Omit any picture, and return the remaining data exactly as written.

■ Dataset excerpts
= = = =

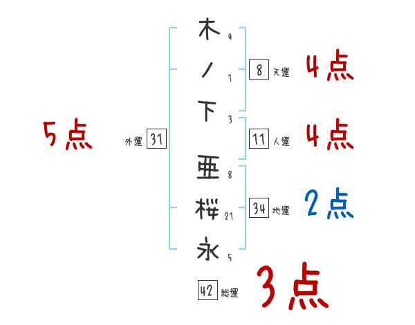 天運![]()  | 木ノ下亜桜永さんの天運は8画の4つ星!勤勉家。根気強く努力し成功する。忍耐力がある。 家系が持つ宿命的な運勢を表します。祖先から受け継いだ苗字ですので自分の力が及びません。家柄を象徴します。 |
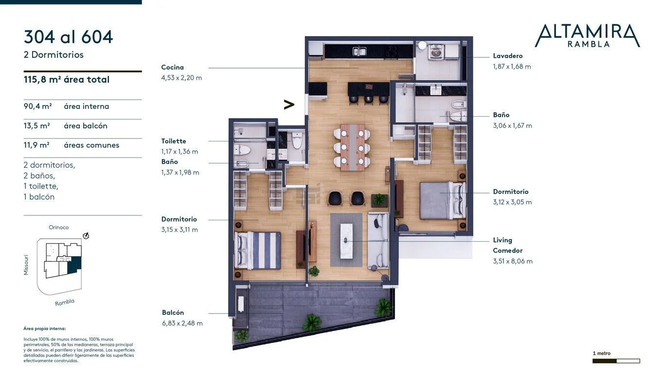 Dispone de dos dormitorios en suite, ambos con placares tipo vestidor, brindando confort y privacidad.
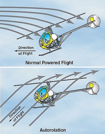 Для более безопасного приземления вертолёт должен иметь или достаточную высоту или достаточную горизонтальную скорость. Высота необходима для раскрутки несущего винта во время снижения. Горизонтальная скорость используется для быстрого перевода кинетической энергии движения вертолёта в энергию вращения винта. При отказе двигателя на малой высоте приземление может закончиться катастрофой. Военные вертолёты работают на малой высоте, поэтому для спасения экипажа иногда устанавливают катапультируемые кресла и предусматривают отстрел лопастей несущего винта перед катапультированием.
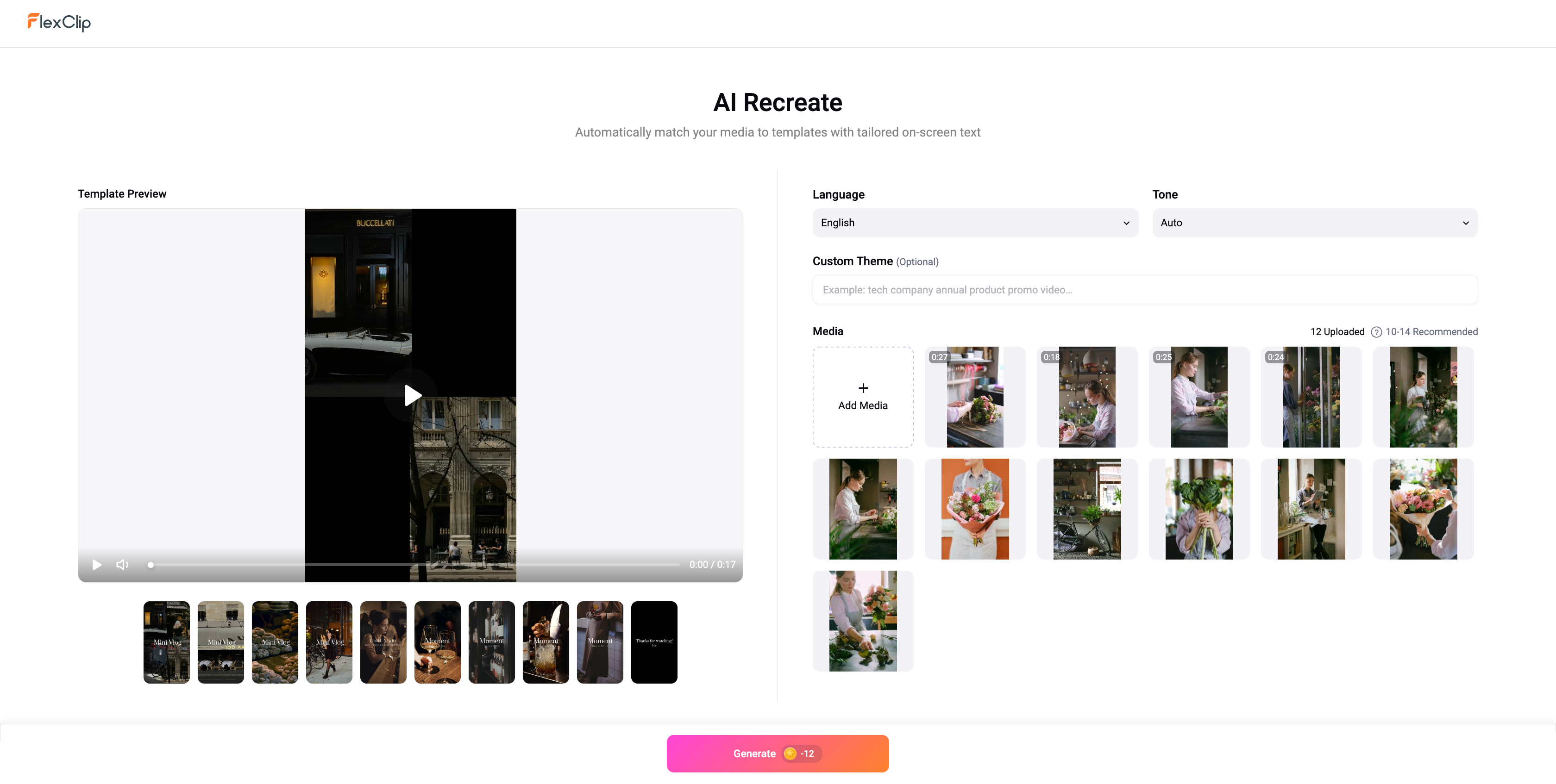 Құралды шынайы жағдайда сынау үшін біз флористің жұмысы туралы қысқаша видео жасауды жөн көрдік. Ол үшін біз гүл шоғын жинау процесін көрсететін барлығы 12 файлдан (фото және видео) тұратын контент қоспасын жинадық. Біз материалдарды FlexClip-тегі алдын ала таңдалған шаблонға жүктедік және бірнеше минуттан кейін қалаған стильдегі дайын видеоға қол жеткіздік.
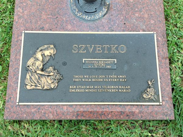 | Szigeti | Bronwyn Anne | photo | 1606 | 25/06/1959 | 12/11/1990 | w/o Attila (Chris), m/o Stuart | ||

= = = =

■ RESULT OF THE EXERCISE
 天運![]()  | 木ノ下亜桜永さんの天運は8画の4つ星!勤勉家。根気強く努力し成功する。忍耐力がある。 家系が持つ宿命的な運勢を表します。祖先から受け継いだ苗字ですので自分の力が及びません。家柄を象徴します。 |
 Dispone de dos dormitorios en suite, ambos con placares tipo vestidor, brindando confort y privacidad.
 Для более безопасного приземления вертолёт должен иметь или достаточную высоту или достаточную горизонтальную скорость. Высота необходима для раскрутки несущего винта во время снижения. Горизонтальная скорость используется для быстрого перевода кинетической энергии движения вертолёта в энергию вращения винта. При отказе двигателя на малой высоте приземление может закончиться катастрофой. Военные вертолёты работают на малой высоте, поэтому для спасения экипажа иногда устанавливают катапультируемые кресла и предусматривают отстрел лопастей несущего винта перед катапультированием.
 Құралды шынайы жағдайда сынау үшін біз флористің жұмысы туралы қысқаша видео жасауды жөн көрдік. Ол үшін біз гүл шоғын жинау процесін көрсететін барлығы 12 файлдан (фото және видео) тұратын контент қоспасын жинадық. Біз материалдарды FlexClip-тегі алдын ала таңдалған шаблонға жүктедік және бірнеше минуттан кейін қалаған стильдегі дайын видеоға қол жеткіздік.
 | Szigeti | Bronwyn Anne | photo | 1606 | 25/06/1959 | 12/11/1990 | w/o Attila (Chris), m/o Stuart | ||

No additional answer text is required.